S'engageaient alors des batailles procédurales tous azimuts, accompagnées de pressions et manœuvres diverses. De ce long historique (que nos lecteurs peuvent retrouver dans notre dossier spécial), ne retenons que deux épisodes. Le premier est la vie brisée de Claire Thiboult, comptable de Liliane Bettencourt. Pour avoir décrit à Mediapart puis à la justice les financements politiques illégaux, cette lanceuse d'alerte s'est fait méthodiquement tailler en pièces. Et elle se retrouve aujourd'hui encore mise en examen pour « faux témoignage et attestation mensongère » dans une procédure annexe déclenchée par François-Marie Banier et Patrice de Maistre.
Le second épisode n'est pas moins important puisqu'il concerne la liberté d'information et le droit de savoir des citoyens. Il s'agit de la censure de plus de soixante-dix articles de Mediapart ordonnée par la cour d'appel de Versailles (la liste complète est ici). Par arrêt du 4 juillet 2013, les magistrats de cet auguste tribunal nous condamnaient à retirer de notre site tous les articles citant les enregistrements Bettencourt, sous peine de 10 000 euros par infraction constatée et par jour de retard.
Nous avons depuis saisi la Cour européenne des droits de l'homme pour faire casser cette décision liberticide organisant une censure d'une ampleur jamais survenue sous la Ve République. Et chacun a pu constater l'absurdité de la décision lors des différents procès Bettencourt. Longuement utilisés et détaillés lors des audiences, ces mêmes enregistrements peuvent être cités dans le cadre d'articles rendant compte de ces procès… Comment aller jusqu'à menacer des principes fondamentaux – la liberté d'information – pour mieux organiser la défense des puissants : la justice s'est pliée à cette mascarade.
— Eric Woerth (@ericwoerth) 28 Mai 2015
Éric Woerth va donc courir les plateaux télé pour vanter son honneur retrouvé. La relaxe vaut absolution tant personne ne s'attardera à lire les attendus du jugement, pourtant fort instructifs.
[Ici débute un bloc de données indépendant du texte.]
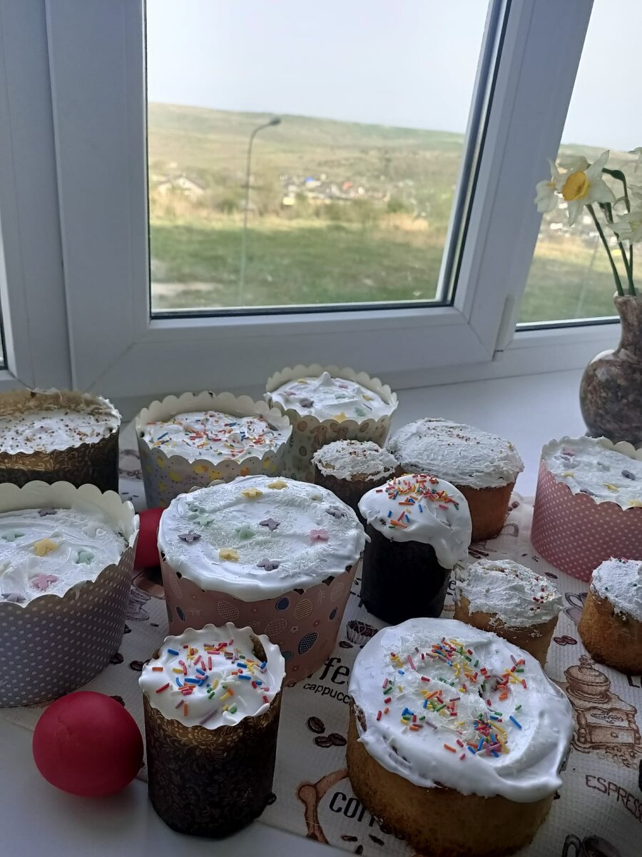 Христос Воскрессе! Поздравляем всех с праздником, мира и добра Вам и Вашим семьям! Сколько можно печь куличи после Пасхи? (ответ в конце) Рецепт на пасхальное тесто. Куличи выходят очень нежные, мягкие и в меру влажными. Результат на фото (некоторые пасочки поднялись не до конца - это потому что и теста в форму положили маловато - учтём на будущее). Нам понадобится: Опара: 300 мл Молока 18 г. сухих дрожжей ил 50 г. свежих 200 г. Муки 20 г. Сахара Сдоба : Яйца - 6 штук Сахара 300-350 г Щепотка соли Сметана 20% - 150 гр. Мука - 800 гр. Сл. масло - 200 гр. Изюм - 300-305 гр (залить кипятком, потом высушить) Цукаты 100-150 гр. (залить кипятком, потом высушить) если тесто получается жидким, то по чуть чуть добавлять муки до нужной консистенции Процесс: Опара - все ингредиенты нагреть до комнатной температуры, всё смешать, далее накрыть полотенцем и оставить на 30-35 минут. Сдоба - смешиваем сметану, яйца, сахар и соль. полученное вливаем в настоявшуюся опару, перемеши

À travers l'ancien ministre du budget, trésorier de l'UMP et fidèle de Sarkozy, toujours député et maire, c'est bien un système qui est ainsi validé, tant le sort de la personne elle-même importe peu. La Sarkozie, qui est aujourd'hui massivement mise en examen (au total, vingt-cinq proches de l'ex-chef de l'État), pourra crier un peu plus fort le grand air de la calomnie, comme elle n'avait cessé de le faire en 2010 et 2011. Et nul doute que Nicolas Sarkozy en personne, toujours cerné par une multitude d'affaires, brandira cette relaxe samedi, à l'occasion du congrès extraordinaire de l'UMP, comme un trophée de chasse.
Les discours feront grand bruit. Mais le vacarme politicien masquera mal la crise profonde d'une institution judiciaire en pleine déroute dont le pouvoir ne se soucie pas, sauf quand il s'agit de tailler dans son budget. De toutes les réformes promises par François Hollande pour une justice d'abord indépendante, ensuite modernisée et attentive aux citoyens, aucune n'a été engagée. De son ministère de la place Vendôme, la garde des Sceaux Christiane Taubira gère les crises successives de son cabinet (trois directeurs de cabinet en trois ans). Sans que rien ne change. Sans que rien ne vienne rehausser ni renforcer l'état de droit dans ce pays.